■ BRIEF
Repeat, exactly as written, the lines from the one with "土 きのこ入 デミハンバーグ & チーズチキン弁当" to the final line of the listing, and keep every picture out.

◆ ◆ ◆ ◆ ◆ ◆ ◆

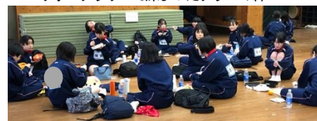
みんなで弁当を食べる楽しいひととき
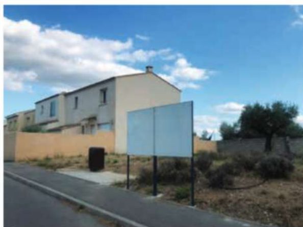
Panneau d'affichage de Zolana

Ils sont libres d'utilisation mais destinés essentiellement aux associations pour y afficher ponctuellement la publicité relative à leurs activités sans but lucratif.
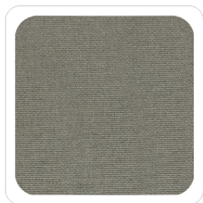
Perla - 55
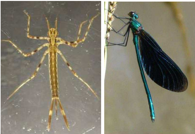
Calopteryx virgo motýlice obecná, 4cm
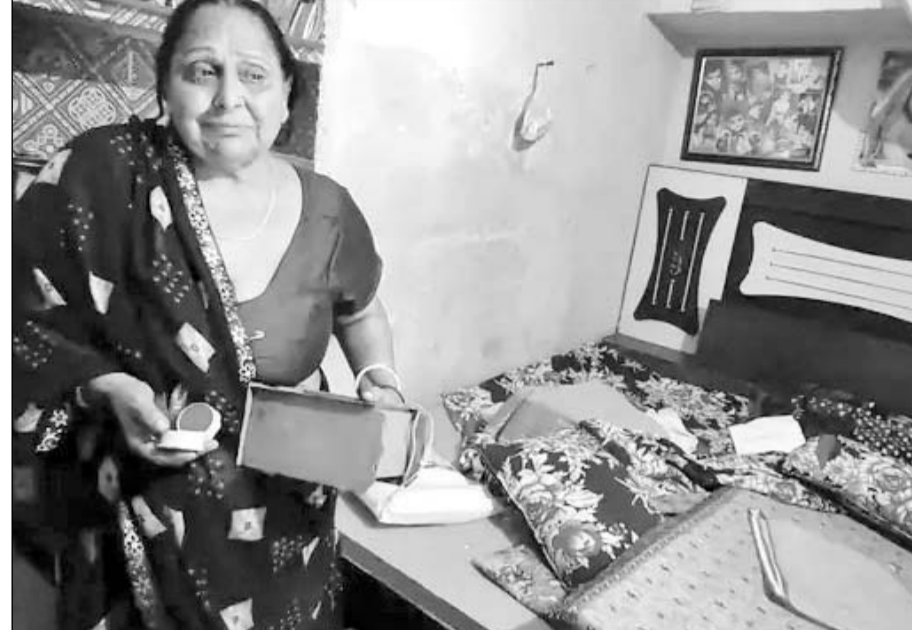
चोरी वारदात के बाद बृद्धा ने जानकारी दी।

पीड़िता अपनी भतीजी की शादी में शामिल होने गई थी
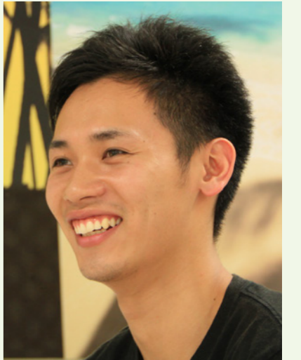
経営学部 9 期生

9 月より清光会館 1 階にありました同窓会事務局は、昨年新しくできました水田三喜男記念館に移転いたしました。是非記念館をご覧ください、事務局にもお立ち寄りください。
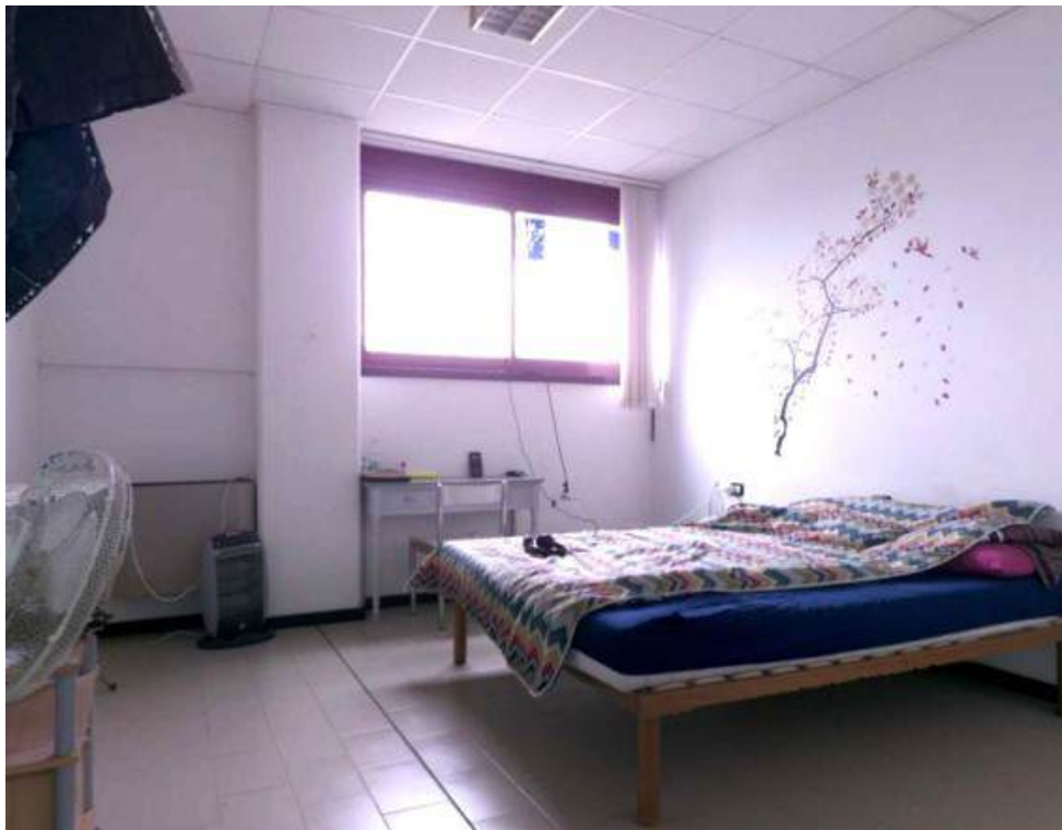
Fotografia I.31 - Ufficio (ZONA B)
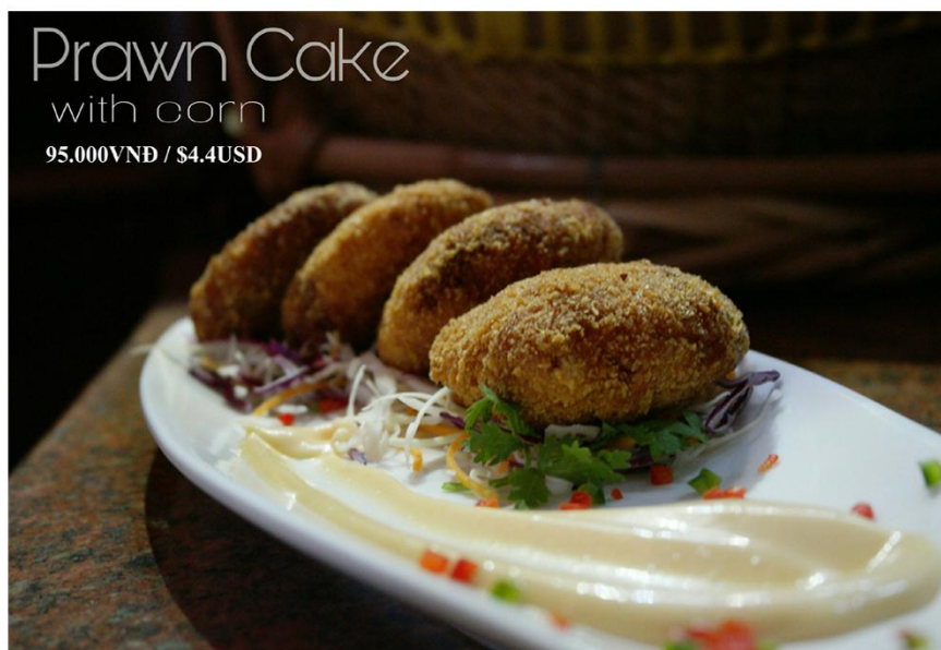
Bánh tôm với bắp (4 cái) 95.000VNĐ / $4.4USD
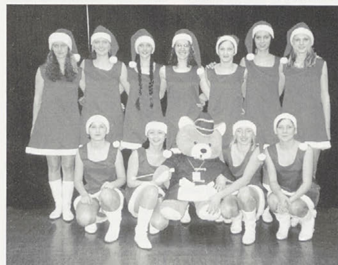
Trebanjske mažorete s svojo maskoto

Občinski pihalni orkester Trebnje je tako pripravil še en prijeten večer, ki jih v Trebnjem tako ni veliko. Da pa je lahko večer uspel, se mora orkester zahvaliti vsem sponzorjem in seveda OŠ Trebnje, ki je ponudila športno dvorano. Darja Korelec
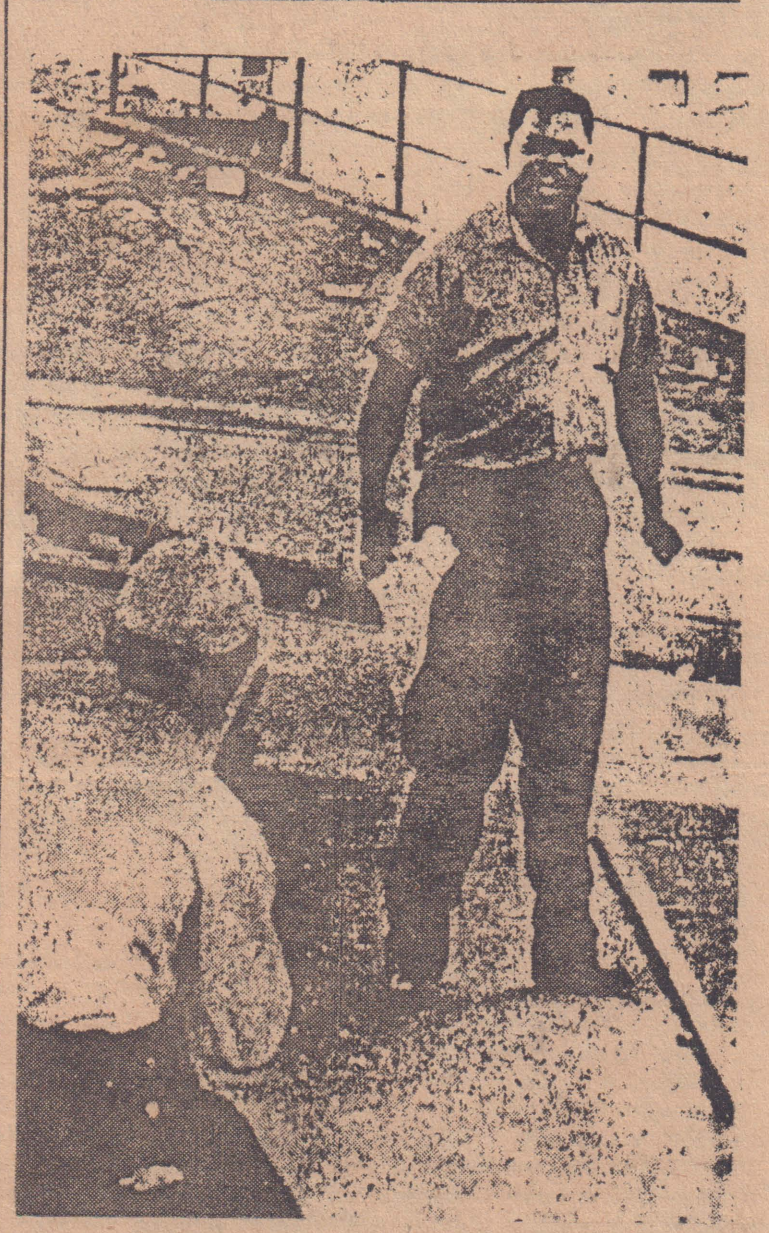
நியூயோர்க் ஹார்லெம்மில் அமெரிக்க ஆளும் வர்க்கத்தின் ஆயுதந் தாக்கிய பொலிஸின் அடக்குமுறைக்கு எதிராக நெருக்குநேர் நின்று போராடும் அமெரிக்க நீக்ரோவரை இப்படத்தில் காண்க.

திரு. ஜெயப்பிரகாஷ் நாராயண பங்குபற்றும் 'சூயாக்கேர்ஸ்' மாநாட்டின் அந்தரங்க நோக்கத்தை அம்பலப்படுத்தக் கூடிய செய்திகள் எங்கும் உள்ளன
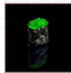
Масаго васаби 130 рублей Суши с икрой тобиго маринованной в васаби 10/15 г 46 ккал
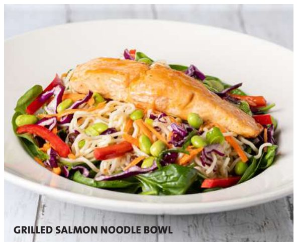
GRILLED SALMON NOODLE BOWL
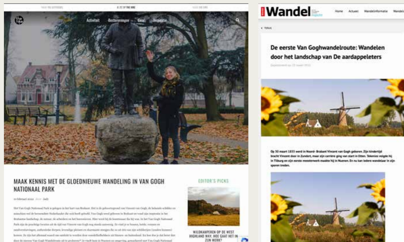
Online weergave Van Gogh routepromotie
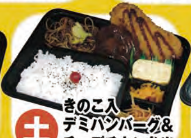
土 きのこ入 デミハンバーグ & チーズチキン弁当
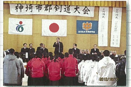
12月23日 神崎市郡剣道大会
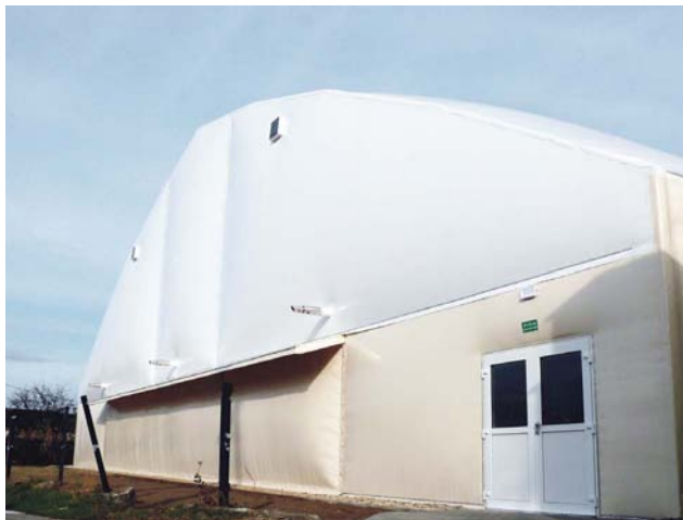
Oślonięte boiska, popularnie nazwane balonem. Obiekt wymagał przeróbek.

Obwodnica została odsunięta od miasta, przesunięta o co najmniej 300 metrów od terenów budownictwa mieszkaniowego w stronę autostrady – ale poza tym
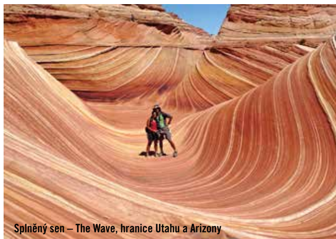
Splněný sen – The Wave, hranice Utahu a Arizony

◆ ◆ ◆ ◆ ◆ ◆ ◆

■ YOUR RESPONSE
土 きのこ入 デミハンバーグ & チーズチキン弁当
12月23日 神崎市郡剣道大会
Oślonięte boiska, popularnie nazwane balonem. Obiekt wymagał przeróbek.

Obwodnica została odsunięta od miasta, przesunięta o co najmniej 300 metrów od terenów budownictwa mieszkaniowego w stronę autostrady – ale poza tym
Splněný sen – The Wave, hranice Utahu a Arizony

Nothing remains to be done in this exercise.